Sparrow is initialized using the 70 billion parameter, Chinchilla model (referred to as dialogue-prompted Chinchilla, or DPC) — a generic LLM that has been pre-trained over a large textual corpus. Because it is hard to precisely define the properties of a successful dialog, the authors use RLHF to align the LLM to their desired behavior.

Given that Sparrow is focused upon information-seeking dialogue, the authors enable the model to search the internet for evidence of factual claims. More specifically, this is done by introducing extra “participants” into the dialog, called “Search Query” and “Search Result”. To find evidence online, Sparrow learns to output the “Search Query:” string followed by a textual search query. Then, search results are obtained by retrieving and filtering a response to this query from Google. Sparrow uses this retrieved information in crafting its response to the user; see above.
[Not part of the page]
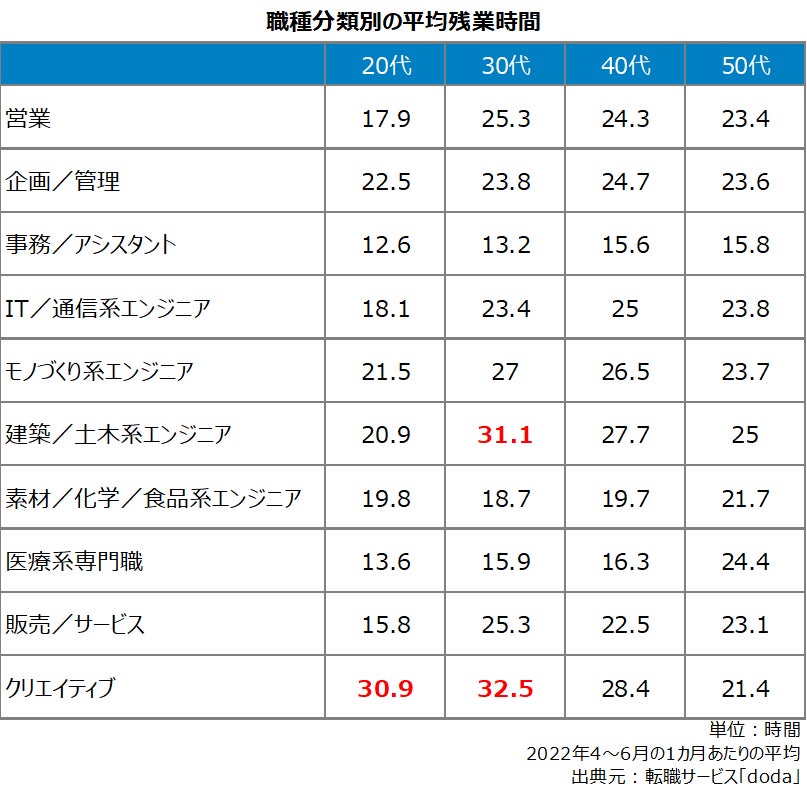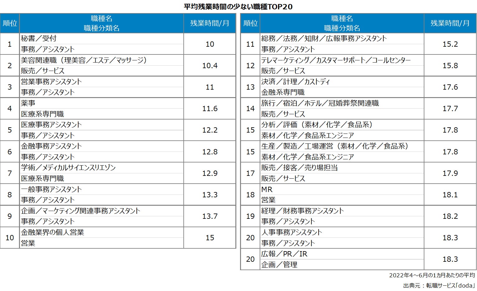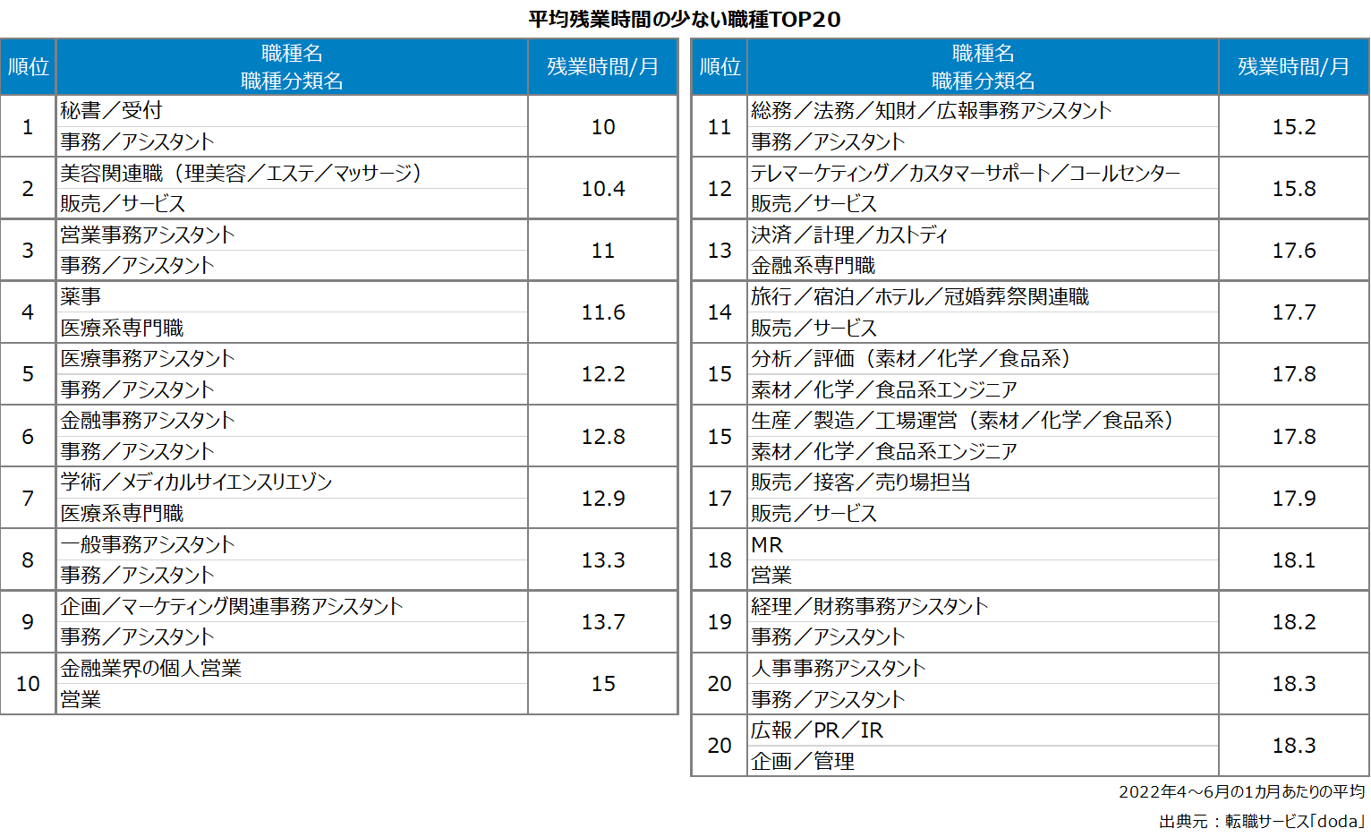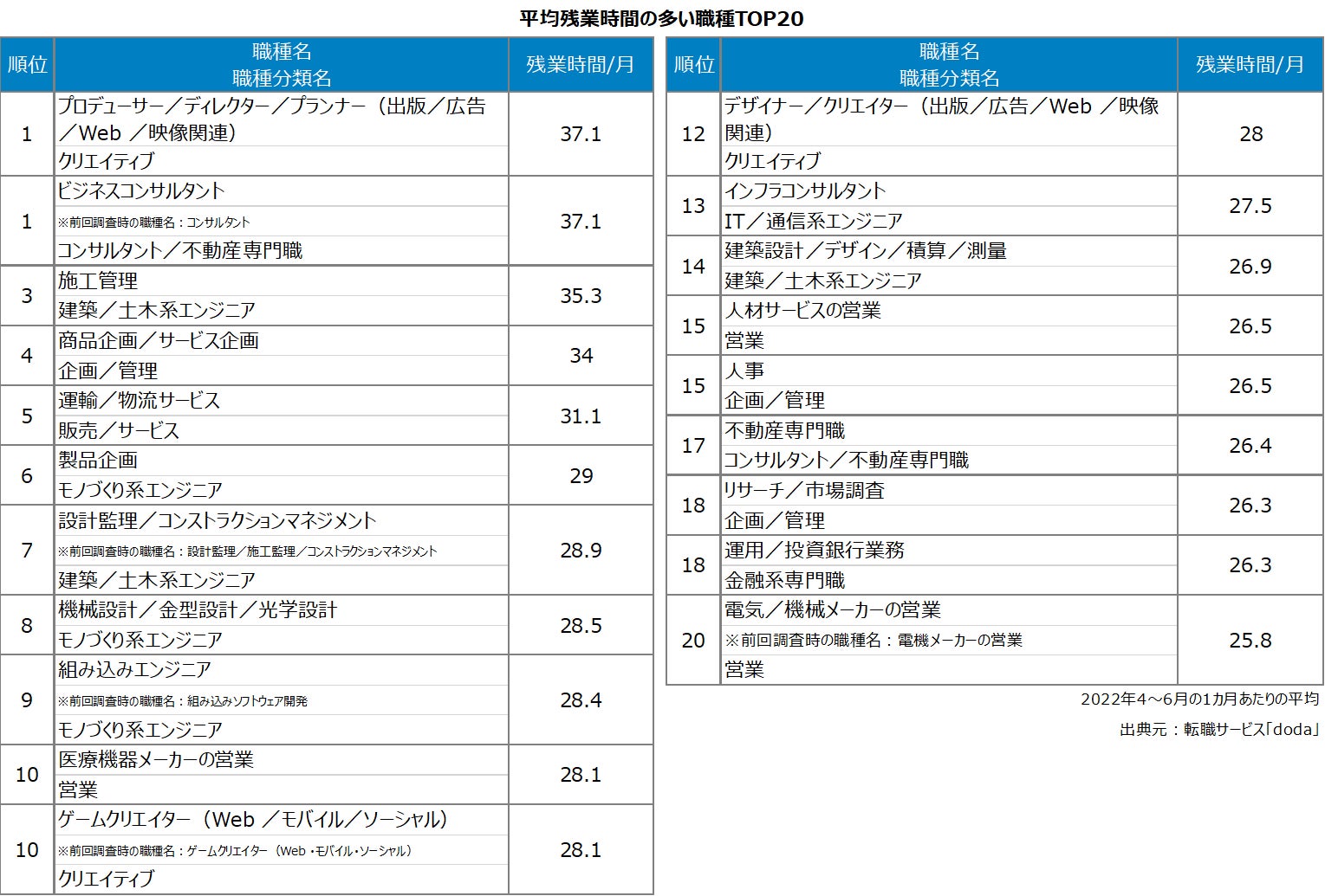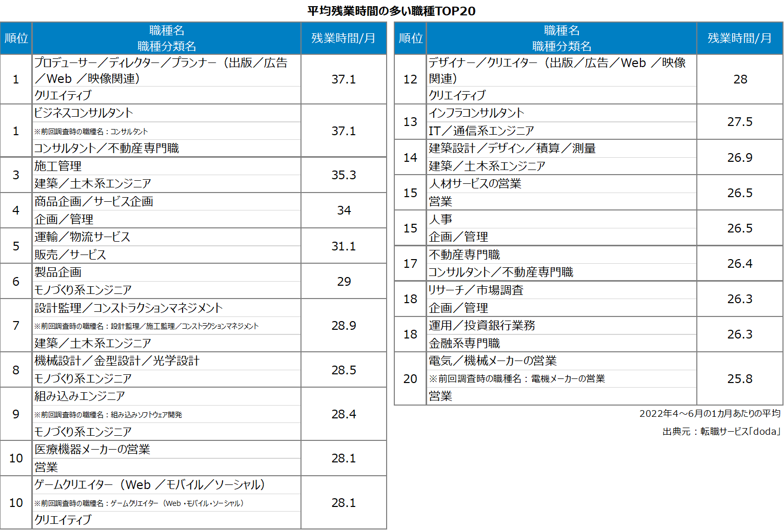 転職サービス「doda(デューダ)」(編集長:大浦 征也)は、20~59歳のビジネスパーソン15,000人を対象に、職種別に残業時間を調査しましたので、結果をお知らせいたします。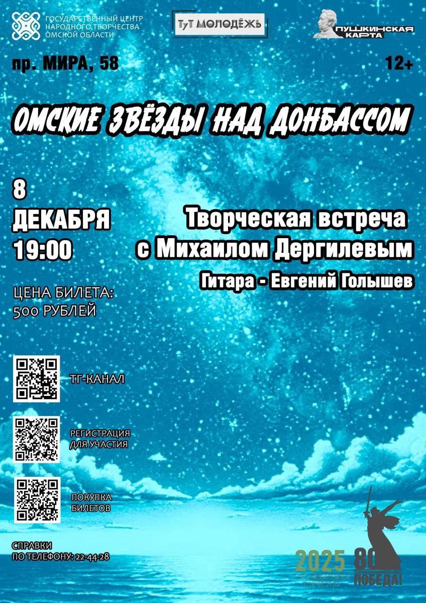 Сегодня - 8 декабря в 19.00 в рамках проекта "ТУТ молодежь" в Государственном центре народного творчества (пр. Мира, 58) состоится творческая встреча "Омские звезды над Донбассом" с ведущим мастером сцены, режиссером-постановщиком Омского государственного музыкального театра, автором моноспектакля "Записки о СВОих" Михаилом Дергилевым. Звукорежиссер — Евгений Голышев.

Notably, Sparrow does nothing special to generate a search query. “Search Query: <query>” is just another sequence the LLM can output, which then triggers some special search behavior. Obviously, the original DPC was never taught to leverage this added functionality. We must teach the model to generate such search queries to support its claims during the alignment process.

Sparrow uses RLHF for alignment. To guide human feedback, authors define an itemized set of rules that characterize desired model behavior according to their alignment principles: helpful, correct, and harmless. These rules enable human annotators to better characterize model failures and provide targeted feedback at specific problems; see the table above for examples.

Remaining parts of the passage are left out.